Talks

Flink Forward – Tale of Stateful Stream to Stream Processing By Ajit Koti

Streaming engines like Apache Flink are redefining how we process data. Flink provides the opportunity to extract, transform and write data with an ease matching that of batch data processing frameworks. There are plenty of known and proven use cases of how to convert a single batch job into a streaming job. However, there are quite many challenges when we want to convert a stateful end-to-end batch workflow to multiple stateful stream jobs.
Netflix processes payment for 180M+ members across 190 countries. Payment processing and transaction data is very critical for measuring operational health and performance of our payments platform. We decided to move the existing batch workflow completely to stream. Things started to get exciting when we wanted to introduce multiple streaming jobs with zero data loss and high accuracy.
In this talk we describe how we converted a conventional complex stateful batch workflow to a multi-step stateful streaming workflow at Netflix using Flink.

Reactive Summit – Tale of Stateful Stream to Stream Processing by Ajit Koti

Streaming engines like Apache Flink are redefining how we process data. Flink provides the opportunity to extract, transform, and write data with ease matching that of batch data processing frameworks. There are plenty of known and proven use cases of how to convert a single batch job into a streaming job. However, there are quite many challenges when we want to convert a stateful end-to-end batch workflow to multiple stateful stream jobs. Netflix processes payment for 180M+ members across 190 countries. Payment processing and transaction data is very critical for measuring operational health and performance of our payments platform. We decided to move the existing batch workflow completely to stream. Things started to get exciting when we wanted to introduce multiple streaming jobs with zero data loss and high accuracy.

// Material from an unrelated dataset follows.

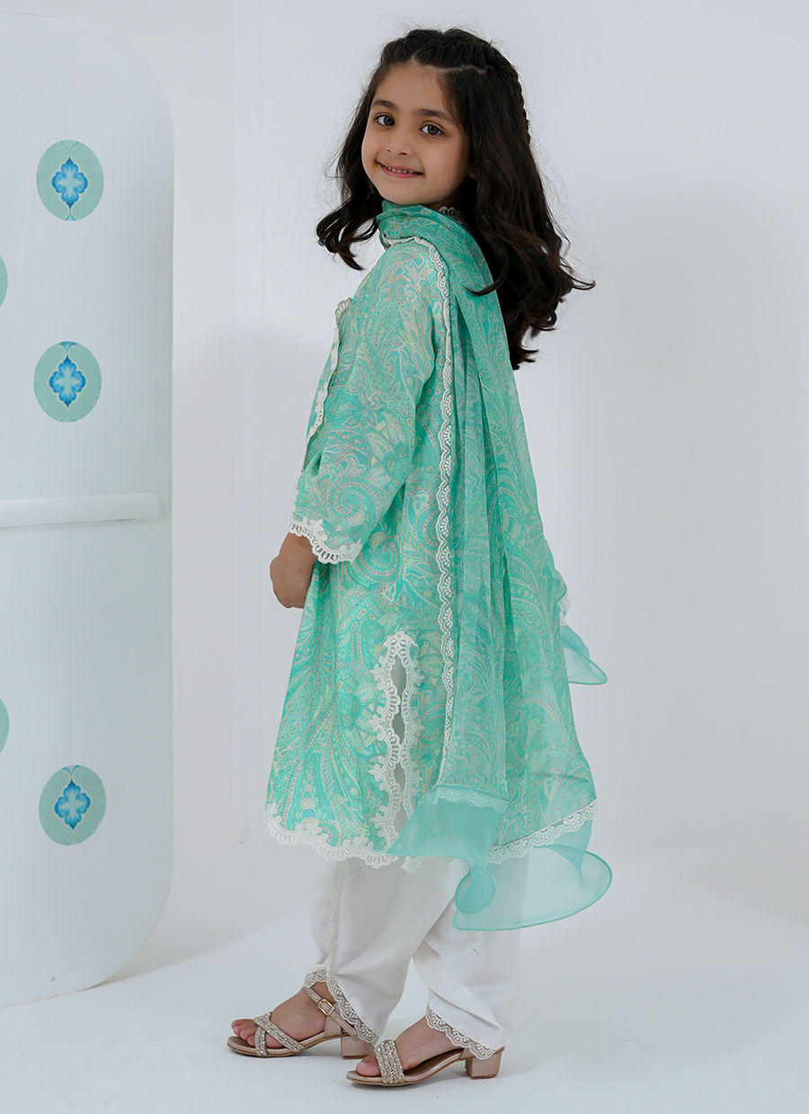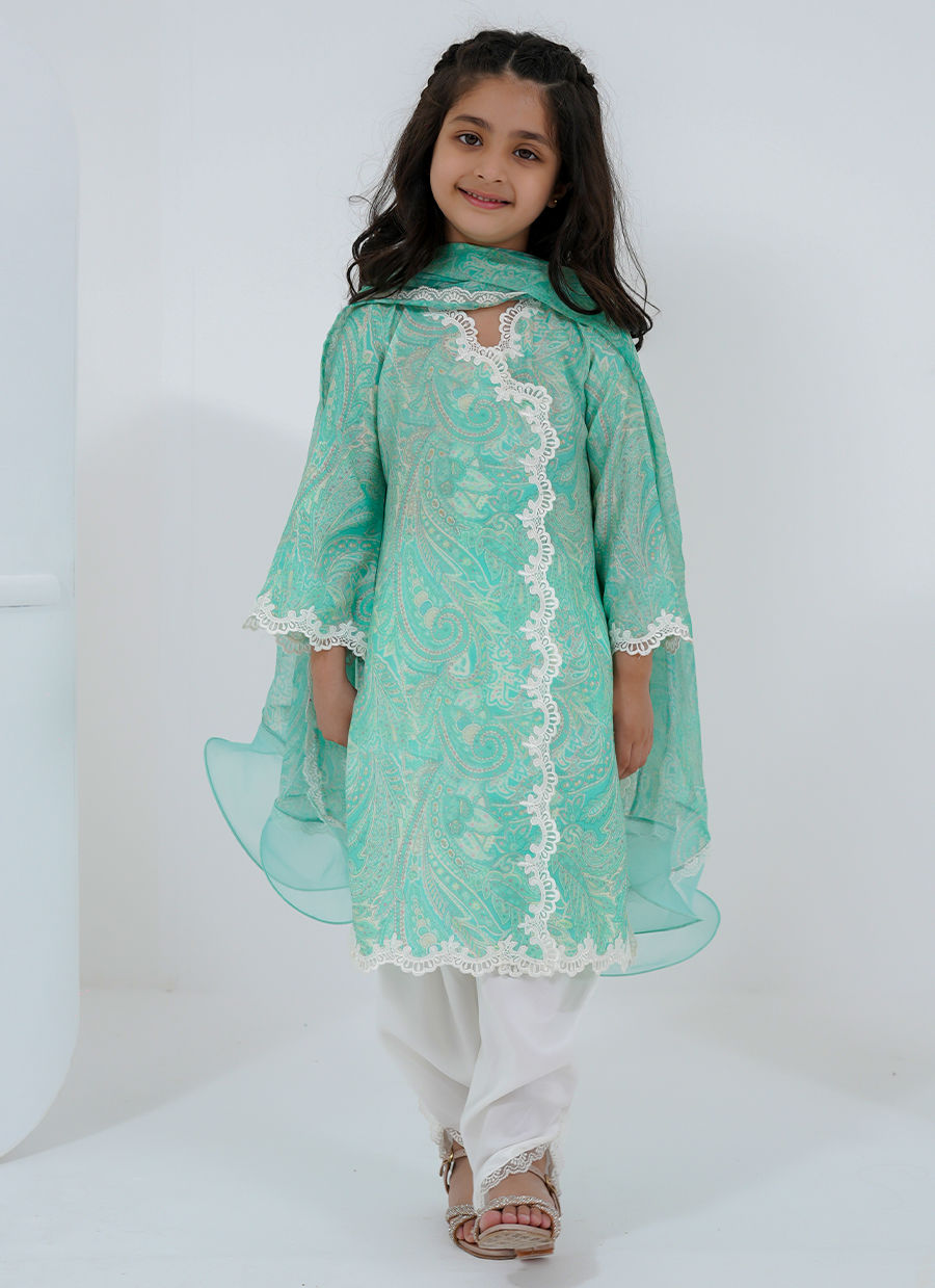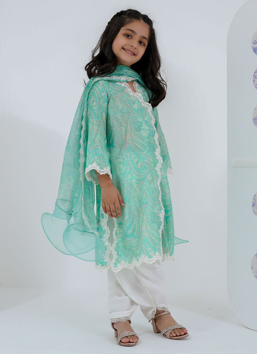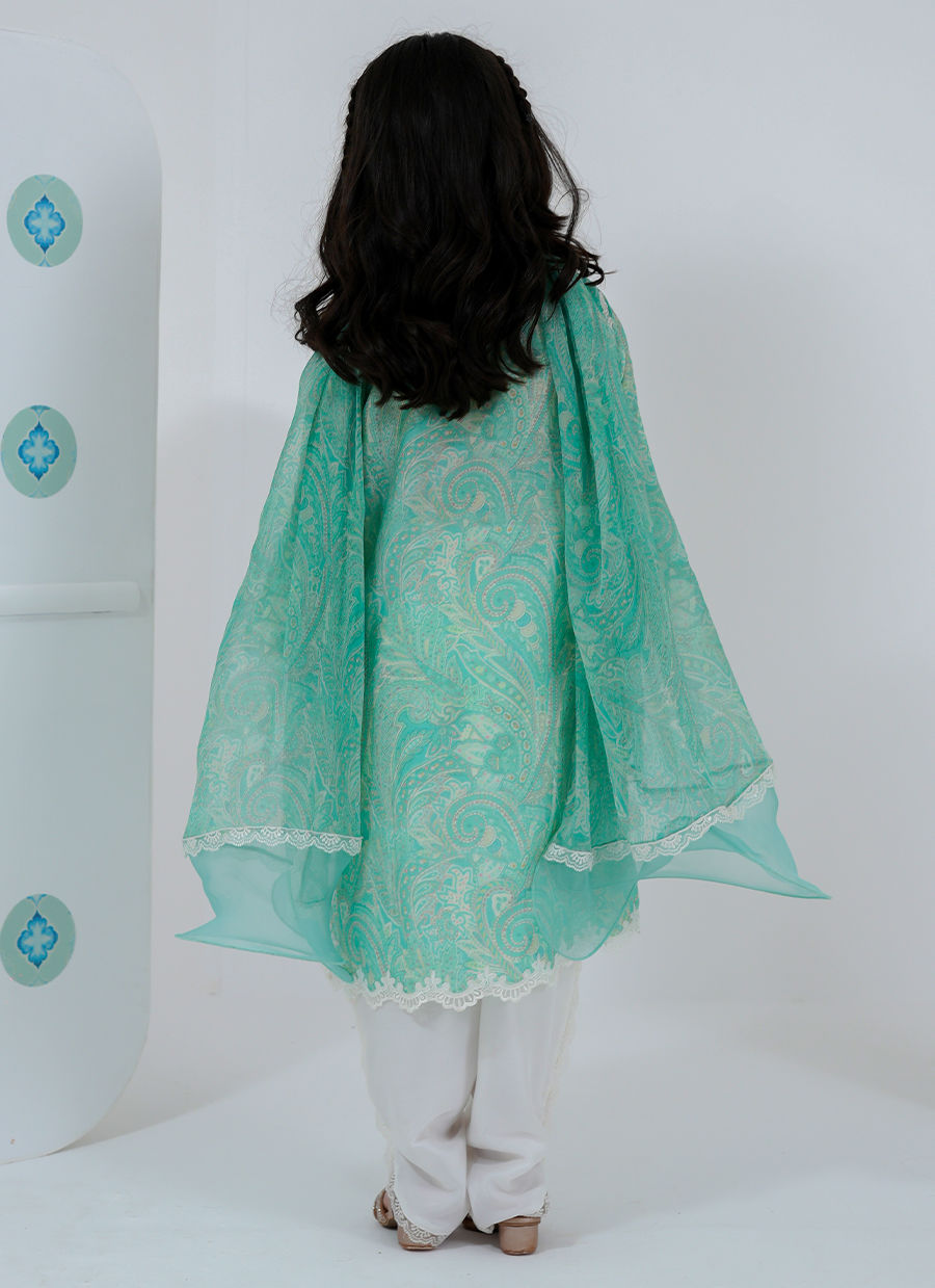 A graceful little rendition of our signature Sabrina, this mini version brings together delicate paisley-inspired prints and soft, flowing silhouettes. Designed in refreshing mint hues with lace detailing, it captures a timeless charm while keeping comfort at its core.

In this talk, we describe how we converted a conventional complex stateful batch workflow to a multi-step stateful streaming workflow at Netflix using Flink.

Strange Loop Conf – Pattern Matching @ Scale Using Finite State Machine” by Ajit Koti and Rashmi Shamprasad

Pattern Matching @ Scale Using Finite State Machine

Working with data often means trying to locate data that fits patterns, akin to finding a needle in a haystack. When we add big data from non homogenous sources to the mix, this problem becomes exponentially complex. One of the use cases at Netflix, is about improving the Sign Up experience through experimentation. Being able to find user journeys across billions of events; that follow certain patterns, is a key insight into simplifying the sign up process.

This gave us an idea to build a framework to express these user journey patterns that could be translated into a Non Deterministic Finite State Machine. One of the ideas that we adapted from Ken Thompson’s 1968 CACM paper, was to create an NDFA around patterns defined using regex that could support backtracking. The next step was applying the state machine across billions of events at scale using Spark. The final piece to the puzzle was to make it easily usable by Data Engineers, Scientists and Analysts alike.

In this talk, we will cover how we built this framework (dubbed “Conduit”) and the design decisions resulting from challenges along the way. We will also talk about how this can be adapted to real time applications in the future.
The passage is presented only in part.